Cybersecurity technology. Cyber risk continues to escalate, and an expanded set of technologies is being deployed within businesses to help their information security professionals prevent or respond more effectively to cyberattacks. Many of these new technologies generate data streams that can also be processed with advanced analytics into a moving view of cyber exposure. Risk professionals can then use these views to quantify potential loss scenarios more actively and consider the economics of risk transfer with greater precision.

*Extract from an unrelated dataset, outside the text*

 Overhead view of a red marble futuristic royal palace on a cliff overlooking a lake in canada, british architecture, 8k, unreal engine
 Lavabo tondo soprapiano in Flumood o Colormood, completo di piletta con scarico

Visual intelligence tools. Satellites, aircraft and drones are capable of deploying high-resolution cameras and sensors that provide additional real-time data streams. More powerful machine learning techniques can now process these images into relevant real-time risk information. For example, the combination of property images and high-frequency weather feeds can provide a rapid and accurate view of property damage, which can be used for high-speed claims processing. The same visual intelligence technology, combined with property IoT data and AI-based weather forecasts, can provide a forward-looking view of property risk for a home or building that can be used in insurance pricing.
The Road Ahead
Real-time risk management technologies will not eliminate risk, but can increasingly provide businesses and individuals with actionable intelligence to manage and reduce their risk—significantly, in some cases. The advent of new data streams and powerful analytics also opens the door to innovation in risk financing, whether that takes the form of innovative coverage from insurance providers, an expanded and creative use of a captive, or tapping new products from alternative capital markets.

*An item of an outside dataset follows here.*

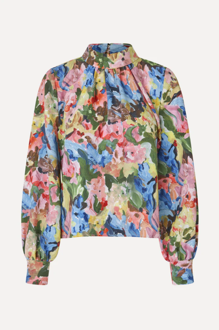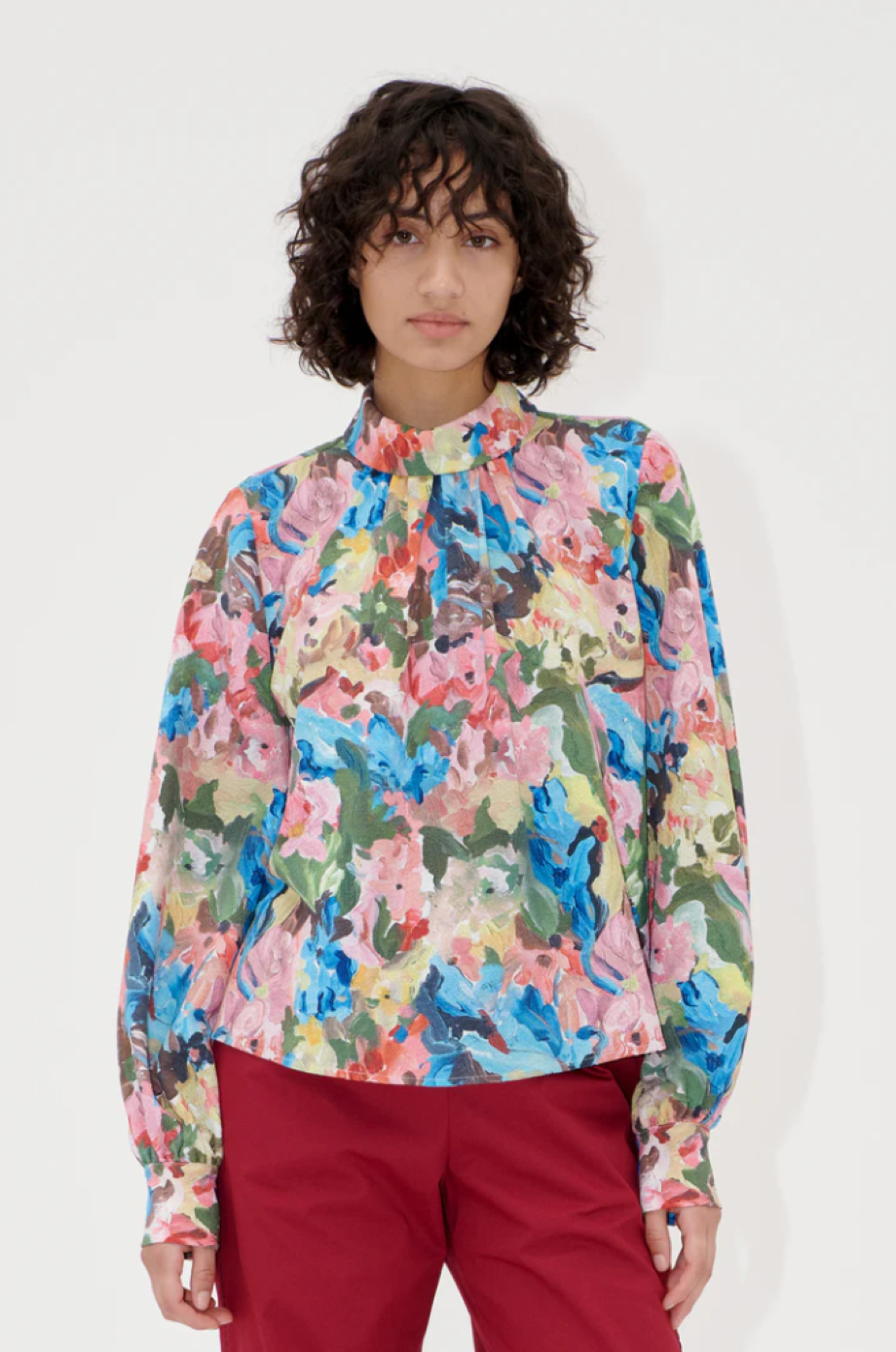 Flowy blouse with long cuffed sleeves, turtleneck with ruching detail and floral pattern. Pair with the matching Elasticated Long Pants in Loves Me, Loves Me Not.

Insurance is likely to remain the primary risk transfer vehicle for these risks. Traditionally, insurance premiums are determined based on historical data. Underwriters and actuaries compile and use past data sets to look for loss patterns and make projections about future outcomes. Emerging data sources can now be leveraged to provide a continuously updated view of the underlying risk. Insurance providers can use this real-time data and evolving data science to make more dynamic projections about future outcomes and develop risk-based premiums that are calculated based on the new approach.
To date, risks traditionally covered by insurance could not be managed this dynamically. However, the prospect for real-time risk management is now on the horizon. By harnessing real-time data streams and analytics driven by artificial intelligence, businesses and the insurance industry can dramatically shift how we manage risk and think about insurance. We’ve barely scratched the surface, but the potential benefits for identifying, assessing and managing risk in real time are already coming into view.